In the center of attention of Feuerbach is a man whose soul and body are one. At the same time, the philosopher paid more attention to the body, which, in his opinion, is the essence of the "I". Criticizing the idealists, their interpretation of knowledge and abstract thinking, Feuerbach turns to sensual contemplation. He believes that the only source of knowledge is sensation-sight, touch, hearing, sense of smell, which have a genuine reality. It is with their help that mental states are learned .

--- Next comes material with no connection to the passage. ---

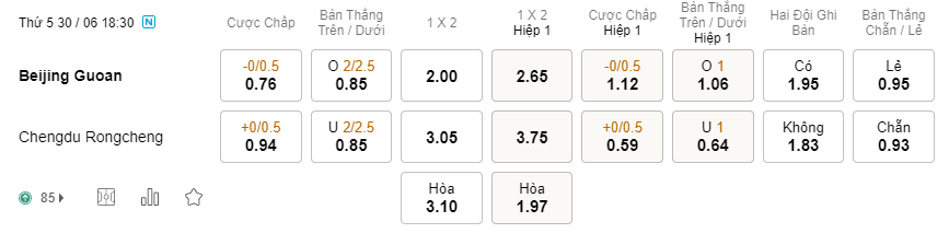 Tỉ lệ kèo Beijing Guoan vs Rongcheng
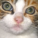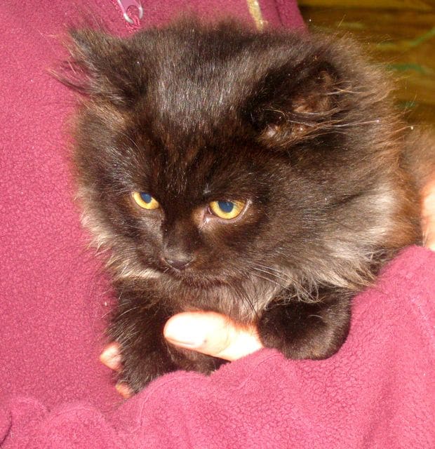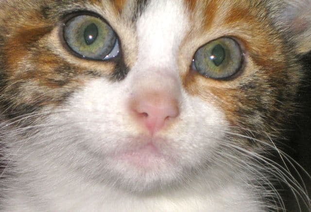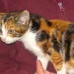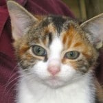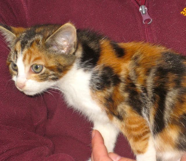 Re-homed – many thanks – All kittens are pretty but our latest rescued tiny tots are little stunners. They are all different shapes and sizes but the one thing they have in common is their sweet faces and lovely personalities. This little girl is called Majolica, she is a calico and beautifully marked with rich red, black and white colouring. Her eyes are something special with a ‘looking deep into your soul’ expression. She’s probably just thinking about when the next pouch is coming!

He rejected supersensible reality and abstract knowledge with the help of reason, which he considered idealistic speculation. Such anthropological philosophy of Feuerbach testifies to a new interpretation of the concept of "object". According to Feuerbach, it is formed when people communicate, so the object for a person is another person. From the inner connection of people arises a philanthropic altruistic morality, which should replace people's illusory love of God. The latter he called an alienated and false form of love.

Together with Hegel, he is convinced of the power of reason and the need for cognition. A bright feature, which Feuerbach's philosophy has, is the doctrine of Thuism. He believes that the authenticity of being is accessible to one's own feelings. He never gives up his interest in the religious problem and ethics, so this side of his philosophy was developed much deeper and more fully than the questions of cognition.

The most interesting side of Feuerbach's philosophy is his interpretation of religion. This is his theory of the psychogenesis of religious worldviews. He seeks to show how in mankind the religious world outlook has evolved over the centuries. Denying the supersensible like everything lying outside the consciousness and nature of man, he leans towards naturalism and atheism.

Feuerbach presents his description of the psychogenesis of spiritual religious ideas and feelings. Children, savages and cultural people are equally eager to project their features outward (anthropomorphism). And religion is the most important kind to realize such aspirations - to design the best features of your "I", your own thoughts, desires and feelings for the divine image. Such religious creativity helps a person to eliminate the contradiction that inevitably arises between his desires and achievements and which is realized so painfully. Not God created man in his image, but quite the contrary, man always created his own gods. And these gods are children of human desires.

This is the philosophy of Feuerbach. It is briefly presented in the most interesting aspects. It is most interesting by its psychological, and not by the metaphysical side. His attempt to explain the origin of the religious worldview is new and original. Deep ideas of Feuerbach became the impetus for studies of the history of religion by Renan, Gauve, Strauss, Prince. S.N. Trubetskoi, and others. They were followed by a number of ethnographic studies of primitive religion (Lepbock, Tylor, Spencer, the Group, etc.). His ideas had a strong influence on the leaders of German Social Democracy: Marx, Engels and others.